Binding of human Ig-C. neoformans immune complexes to CHO-K1 cell lines expressing FCGR3A 158F or 158V receptors. (A) Flow cytometric analysis of CHO cell lines expressing 158F (shaded plot) and 158V (dark line) receptors stained with CD16 MEM-154 antibody followed by FITC-conjugated goat anti-mouse IgG antibody. The histograms show the data for 50,000 events from each sample. (B) CHO cells were stained with APC-labeled antibodies recognizing fibronectin receptor and incubated with immune complexes comprising GFP-expressing C. neoformans and human immunoglobulins. The boxed insert (gate b) indicates a population that contains APC⁺ CHO cells. Free C. neoformans cells (gate c) and dead cells (gate a) were excluded. (C) APC⁺ CHO cells were further gated on the GFP channel to detect binding to precomplexed human Ig and GFP-expressing C. neoformans. The boxed insert indicates a population that contains CHO cells that bind immune complexes.

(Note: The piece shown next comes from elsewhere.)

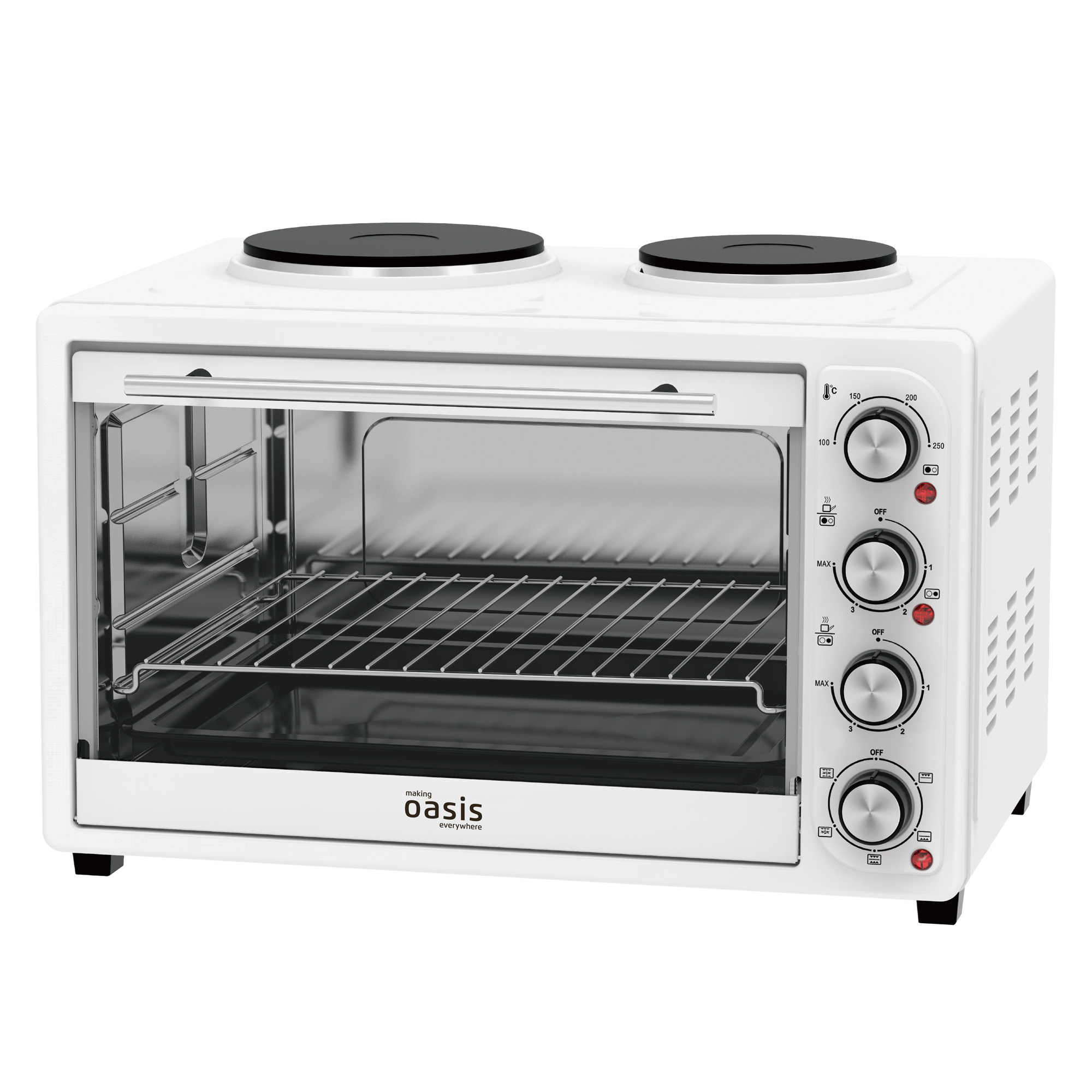 Электрическая мини-печь making Oasis everywhere со встроенными конфорками — это универсальное решение, которое способно заменить сразу духовой шкаф и варочную панель. Устройство актуально в условиях небольшого помещения, например дома без кухни, где нет возможности установить два кухонных прибора, но при этом не хочется ограничивать себя в приготовлении блюд. Функция конвекции обеспечивает равномерную циркуляцию горячего воздуха, благодаря чему блюда пропекаются идеально — без подгоревших краёв и сырых середин.

Plots shown are representative of two independent experiments. (D) The proportions of CHO cells (expressing 158F or 158V receptors) binding to immune complexes comprising total normal human serum (0.1 µg/ml) and GFP-C. neoformans (10⁵) are shown as percentages. (E) CHO-K1 cells (expressing 158F or 158V) binding to immune complexes comprising human monomeric IgG subclasses (0.1 µg/ml) and GFP-C. neoformans (10⁵) are depicted as percentages for IgG1, IgG2, IgG3, and IgG4. An asterisk (*) indicates significant differences between groups (P < 0.05); octothorpes (#) indicate nearly significant differences between groups (P < 0.1) (Student’s t test).

FIG 3

Assessing anticryptococcal activity of NK cells. (A and B) NK cell lines expressing FCGR3A 158F (gray bars), FCGR3A 158V (black bars), or no FCGR3A (parental) (open bars) were incubated with C. neoformans strain 24067 for 24 h (A) and 48 h (B) at different effector/target (E/T) ratios as indicated on x axis. C. neoformans viability was analyzed by determining the number of CFU/ml as indicated on y axis. The numbers of C. neoformans cells at the start of the assay and at the indicated end times were included to account for the 10-to-500-fold growth of the organisms during the course of the assay. T = 0, zero time; Crypto alone, incubation in the absence of NK cells. Similar results were obtained using acapsular C. neoformans strain CAP67 (not shown). (C) Cytotoxicity assay performed by measuring LDH release. FCGR3A polymorphic NK cells (1 × 10⁵/well) were added to a 96-well round-bottom plate and coincubated with target cells (C. neoformans-infected CD14⁺ CD16⁺ monocytes) (1 × 10⁴/well) at 37°C and 5% CO₂ for 4 h in the presence of normal human serum (10 µg/ml) and pooled IgG (10 µg/ml) as indicated on the x axis. Percent cytotoxicity was calculated based on total content and spontaneous release of LDH. Values are shown as means ± standard errors of the means of the results from two different experiments. Asterisks (*), significant differences between groups (P < 0.05); n.s., not significant (Student’s t test).